Los tres argumentos eran los siguientes: 1º) Los Gobierno europeos decían imitar la moda del parlamentarismo

inglés, pero, en realidad, no estaban en condiciones de lograrlo por desconocer totalmente sus exigencias.

Acotemos este argumento. En primer lugar de la Hoz destacaba las diferencias esenciales que existían entre éste y los gobiernos constitucionales modernos (capítulo I, pág. 31-36). ¿Por qué?:

porque el Estado inglés buscaba equilibrar los “continuos

temporales del gobierno representativo” estableciendo otros centros de gravedad en la aristocracia, los privilegios del nacimiento, la propiedad acumulada, y la Iglesia, lo que no ocurría en el continente.

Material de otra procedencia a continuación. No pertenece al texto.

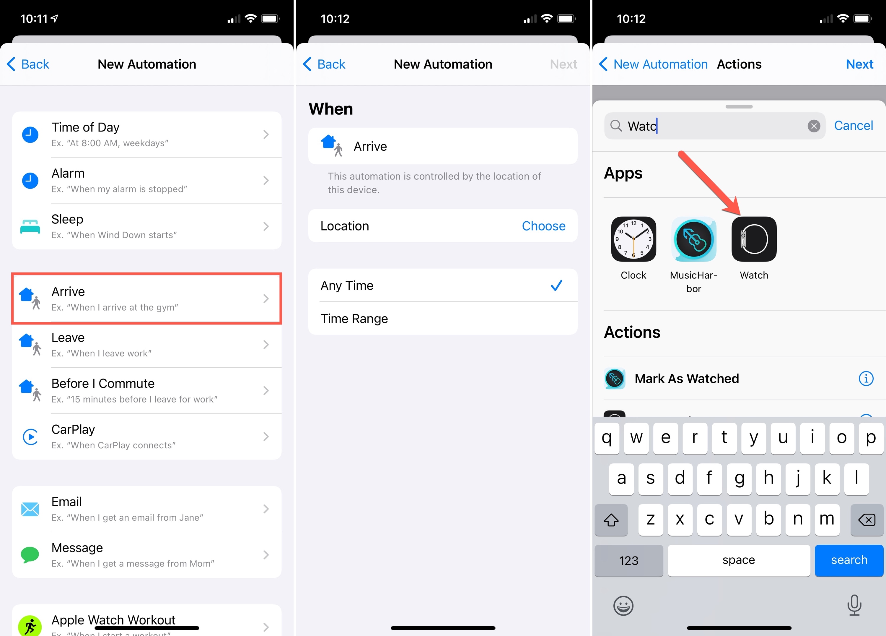 要在Apple Watch上设置剧院模式自动化,请打开“快捷方式”应用程序,然后执行以下步骤。

De todas maneras, todo anunciaba que el equilibrio inglés se iba a romper, a degenerar, e incluso a perecer “en este siglo” (p. 34). En segundo lugar, de la Hoz se refería a la constitución natural e

histórica de España. Así, en todo su intento de trasplantar a España el modelo o constitución inglesa, los políticos

“tropezarán con innumerables dificultades para establecerla, y

después de establecida verán que ni fructifica como en Inglaterra, ni es posible sostenerla sin atormentar al Estado y ocasionar su ruina” (p. 35). Como España tenía su modelo propio, no debía imitar otros estilos, otras

ideas y gobiernos foráneos. 2º) Convertir todo en política era un gran error, como también afirmar

que la opinión pública podía y debía discutir todo y además continuamente (o. cit. capítulo II, p. 37-56):

“No ha bastado á los autores de este régimen, ni haber repartido

entre diversas asambleas la soberana autoridad del Estado, ni dar á estos cuerpos un excesivo número de miembros, ni enseñar como dogma político que la pugna intestina y la exterior son condiciones de la vida normal de tales juntas” (p. 37), sino que han querido que el pueblo escuche las discusiones parlamentarias, tome parte en la división y en ellas, y opine en la prensa. No obstante, y para clarificar el pasado, el historiador podrá señalar

algunas diferencias entre la situación de Pedro de la Hoz y la presente de 2013. (Con este excursus de actualidad sólo pretendemos motivar al lector y mostrarle la actualidad de las crítica de Pedro de la Hoz). La primera: si en el s. XIX se exigía discutir en el Parlamento, hoy día sólo se exige pulsar un botón siguiendo criterios de obediencia, de partido. Es más –segundo-, si “se quiere que la muchedumbre, que sabe, que oye, que ve estas escenas, no se acalore también, y no se enfurezca y se desmande” (p. 39), hoy la muchedumbre ha quedado abotargada por la autocomplacencia, la diversión y los problemas, está masificada y es fácilmente dirigida, quedando como resultado la resignación y el pasotismo. En tercer lugar, en el siglo XIX el diputado representaba a la nación, y sin embargo hoy día se vota al partido y no a la persona mediante listas cerradas, se vota sin mandato imperativo y juicio de residencia, proponiéndose lógicamente los partidos impedir a toda costa el llamado “transfuguismo” de los diputados y senadores.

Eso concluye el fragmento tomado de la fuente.